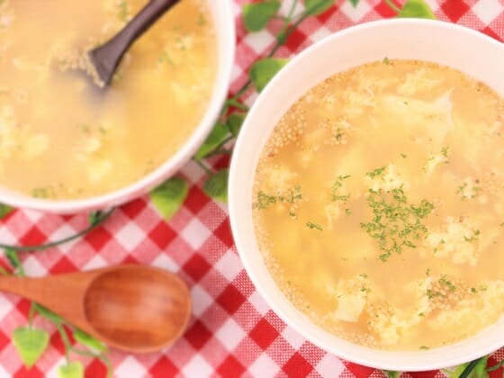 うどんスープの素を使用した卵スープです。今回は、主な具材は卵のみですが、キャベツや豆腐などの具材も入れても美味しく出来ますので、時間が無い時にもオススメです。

...

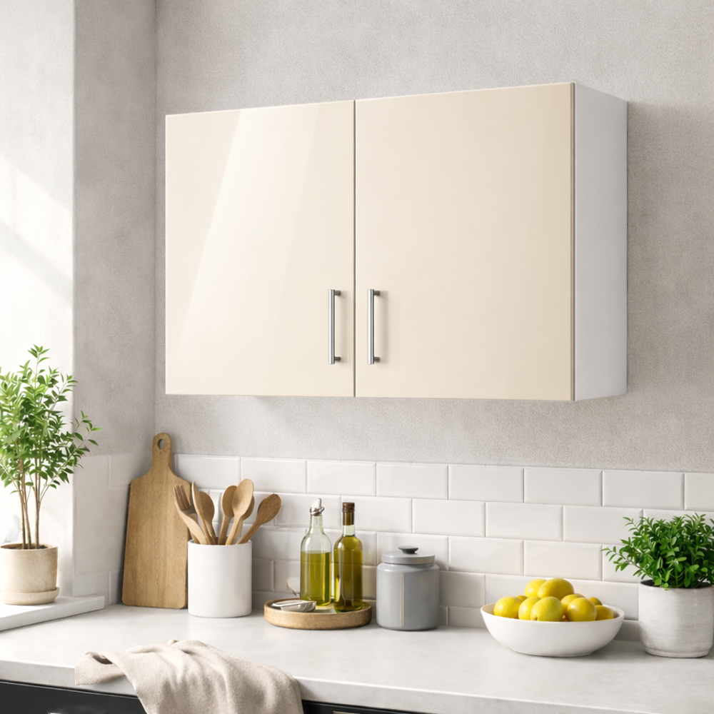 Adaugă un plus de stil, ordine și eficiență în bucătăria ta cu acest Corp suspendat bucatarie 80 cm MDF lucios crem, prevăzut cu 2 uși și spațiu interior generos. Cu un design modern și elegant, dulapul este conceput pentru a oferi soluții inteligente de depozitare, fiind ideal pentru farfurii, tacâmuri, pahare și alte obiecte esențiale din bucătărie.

* * *

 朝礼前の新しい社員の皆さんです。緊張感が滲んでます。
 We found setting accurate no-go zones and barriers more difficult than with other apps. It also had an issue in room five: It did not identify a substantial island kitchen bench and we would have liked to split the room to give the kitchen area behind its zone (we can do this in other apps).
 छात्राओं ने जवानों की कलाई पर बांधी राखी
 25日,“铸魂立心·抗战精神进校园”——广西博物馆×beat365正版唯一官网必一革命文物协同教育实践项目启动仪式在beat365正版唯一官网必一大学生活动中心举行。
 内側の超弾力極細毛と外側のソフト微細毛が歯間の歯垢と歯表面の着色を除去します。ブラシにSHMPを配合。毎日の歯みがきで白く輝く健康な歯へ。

Assignment » An exact copy of the lines above, from the one containing "朝礼前の新しい社員の皆さんです。緊張感が滲んでます。" through the one containing "छात्राओं ने जवानों की कलाई पर बांधी राखी", is the whole of the answer.

Result below »
 朝礼前の新しい社員の皆さんです。緊張感が滲んでます。
 We found setting accurate no-go zones and barriers more difficult than with other apps. It also had an issue in room five: It did not identify a substantial island kitchen bench and we would have liked to split the room to give the kitchen area behind its zone (we can do this in other apps).
 छात्राओं ने जवानों की कलाई पर बांधी राखी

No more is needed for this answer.